Growing trade between Turks and Kurds

Washington Times:

Growing tensions between Turkey and Kurds in control of northern Iraq belie a deepening cooperation, as Turkish companies, workers and goods flock to a market enriched by 17 percent of Iraq's oil revenues.

Stocked almost entirely with Turkish brands, upmarket Iraqi Kurdish supermarkets only differ from their counterparts north of the border in their taste for gaudy decoration.

Once the preserve of two-story family houses, the suburbs of Iraqi Kurdish cities are increasingly home to the high-rise blocks characteristic of Turkey.

"Turkey is by far and away our most important trading partner," says Aziz Ibrahim Abdo, general director at the Ministry of Trade in the Iraqi Kurdish capital Irbil. "You can see that by looking around you."

The statistics back him up, too. In Irbil, 380 out of 500 foreign companies are Turkish. In Dohuk, a city farther west, 65 percent of contracts worth about $350 million so far this year have gone to Turkish companies.

Worth another $350 million and $300 million, respectively, brand new airports in Irbil and Sulaimaniyah are Turkish products.

Another Turkish company won a $260 million bid to build a new university campus in Sulaimaniyah.

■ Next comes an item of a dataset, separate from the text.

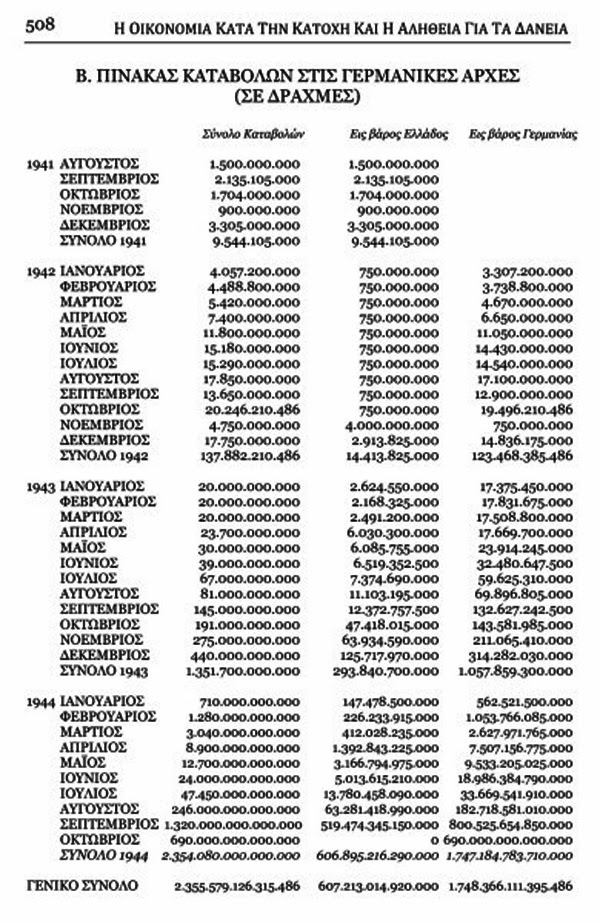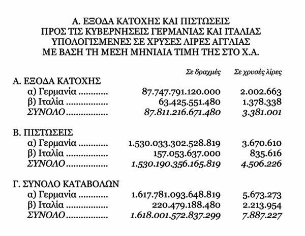 διάστημα της Κατοχής. Το συνολικό ποσόν που αφορά τη Γερμανία ανέρχεται

"The quality of Turkish work is good, and they're much more trustworthy than the Iranians," said Ibrahim Sofy, deputy head of Irbil's Chamber of Commerce.

...
No kidding. With all of this commerce, it is pretty clear why the threats of an invasion by Turkey make little to no sense. What you have to wonder is why Turkey cannot get along with its own Kurds as well as it does the Iraqi ones.